Methods and results: The electronically stored continuous electrocardiograph and blood pressure (BP) measurements for active stand and head-up tilt-table (HUT) tests of 302 consecutive patients investigated with carotid sinus massage (CSM) were analysed. Carotid sinus hypersensitivity was defined as 
3 s asystole and/or systolic BP (SBP) drop of 50 mmHg during CSM. Orthostatic hypotension was defined as BP reductions of 20 mmHg systolic or of 10 mmHg diastolic, whereas VVS was diagnosed with a positive HUT test. There was no significant difference in the number of subjects with OH (57 vs. 55%; P = 0.778) or HUT-positive VVS (45 vs. 47%; P = 0.828) between cases with CSH and controls without CSH. Carotid sinus hypersensitivity subjects had significantly larger SBP reduction (P = 0.039) and longer time to nadir (P = 0.007) during active stand, and trends to vasodepressor (P = 0.071) and dysautonomic responses to HUT (P = 0.151).

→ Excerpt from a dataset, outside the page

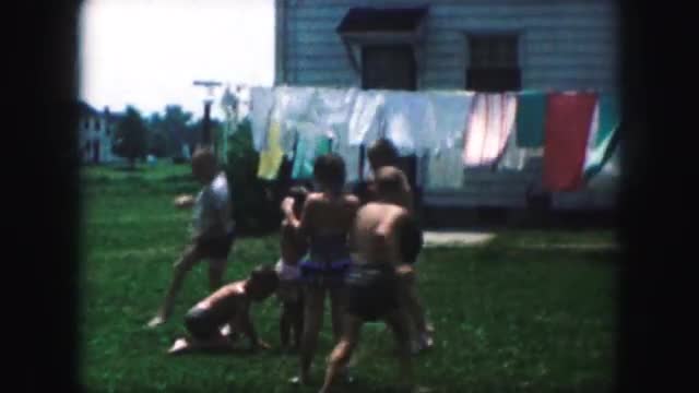 1958: children playing a game out in the yard in the summer time AMES, IOWA
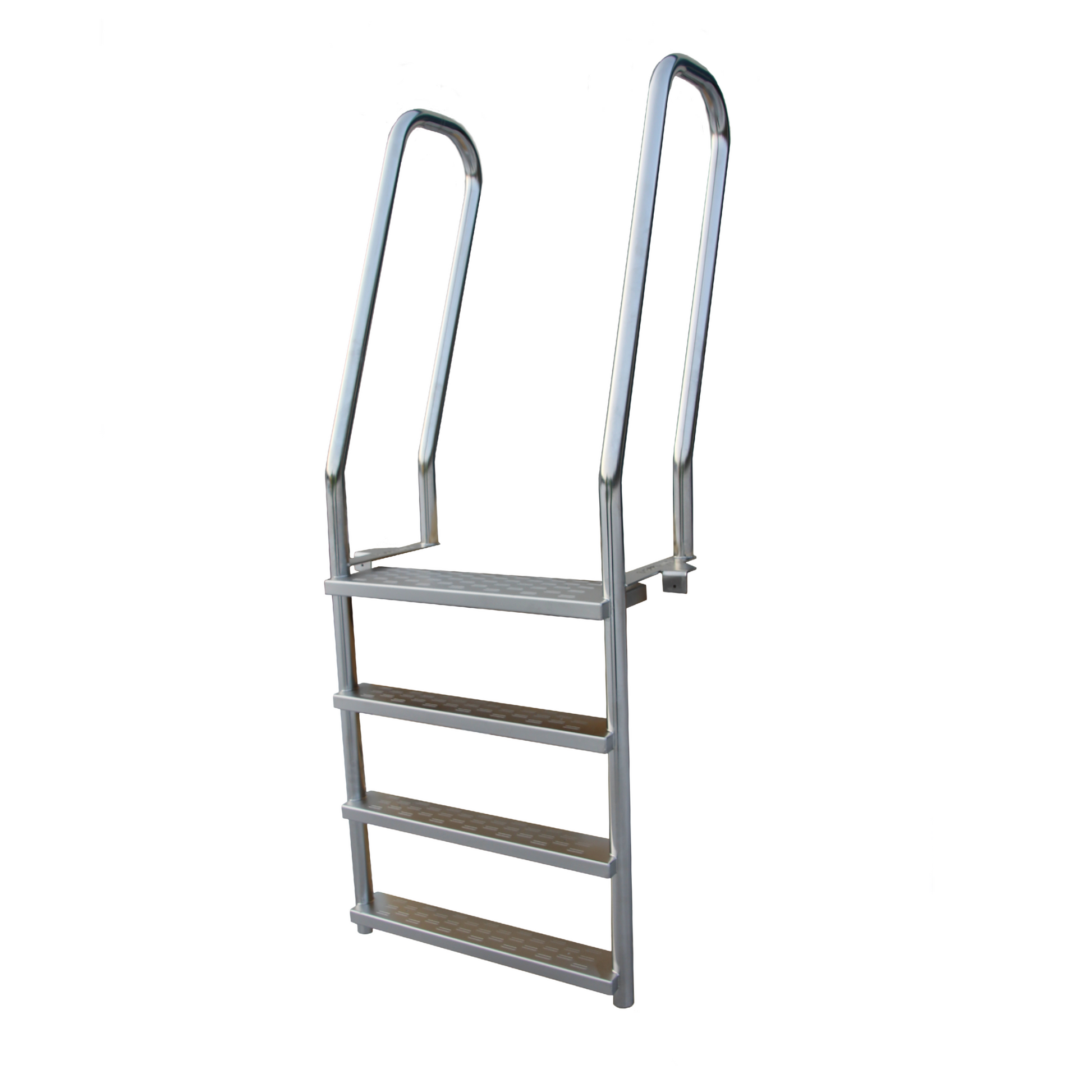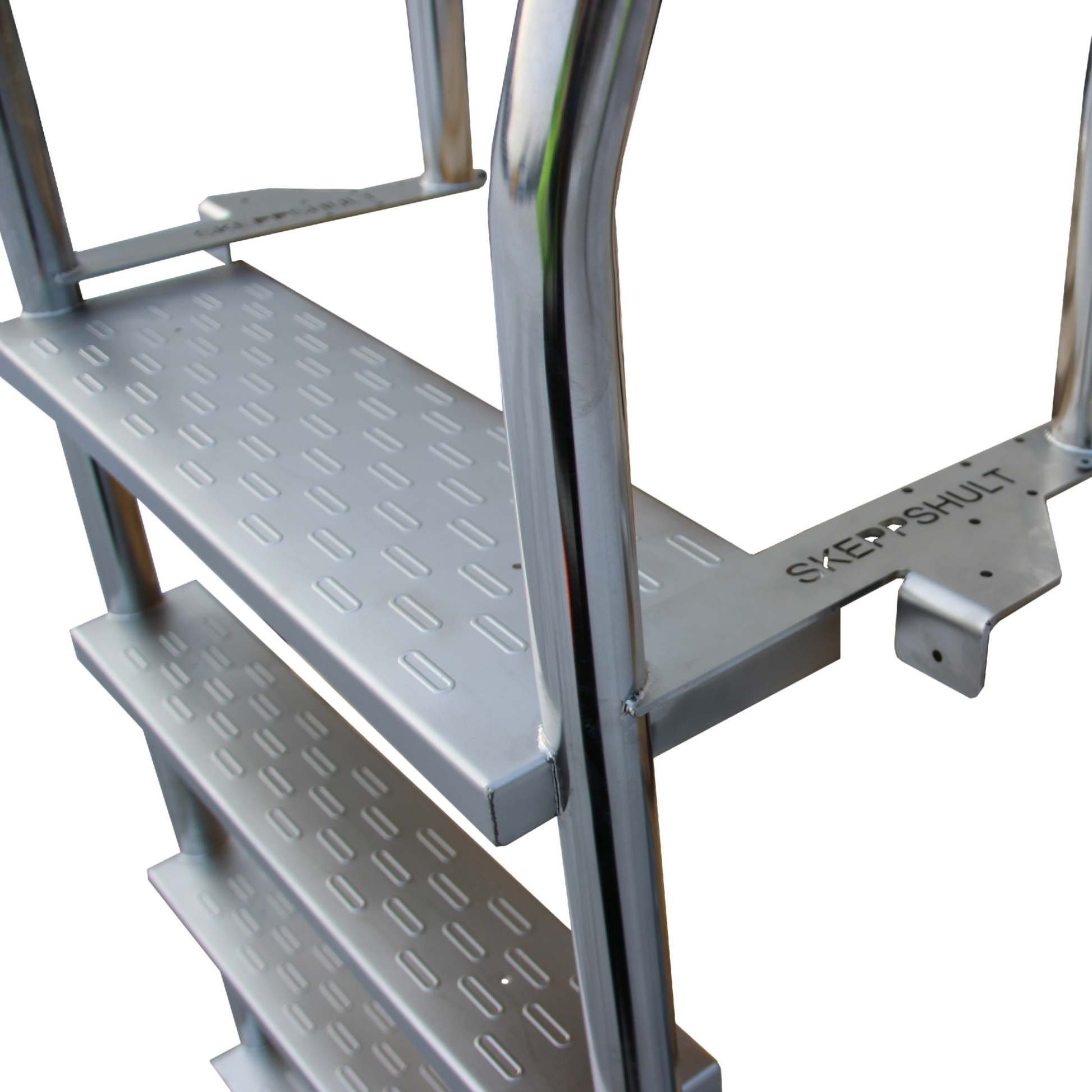 Den rostfria konstruktionen tål tuffa miljöer och lämpar sig perfekt för både söt- och saltvatten. Den halkskyddade ytan på stegen ger ökad säkerhet vid användning – även när stegen är blöt.

Conclusion: Carotid sinus hypersensitivity, OH, and VVS are common conditions affecting patients with syncope and falls which are likely to co-exist in such individuals. The differences in haemodynamic response patterns to active stand and HUT in CSH subjects could be the result of an age-associated delay in sympathetic responses.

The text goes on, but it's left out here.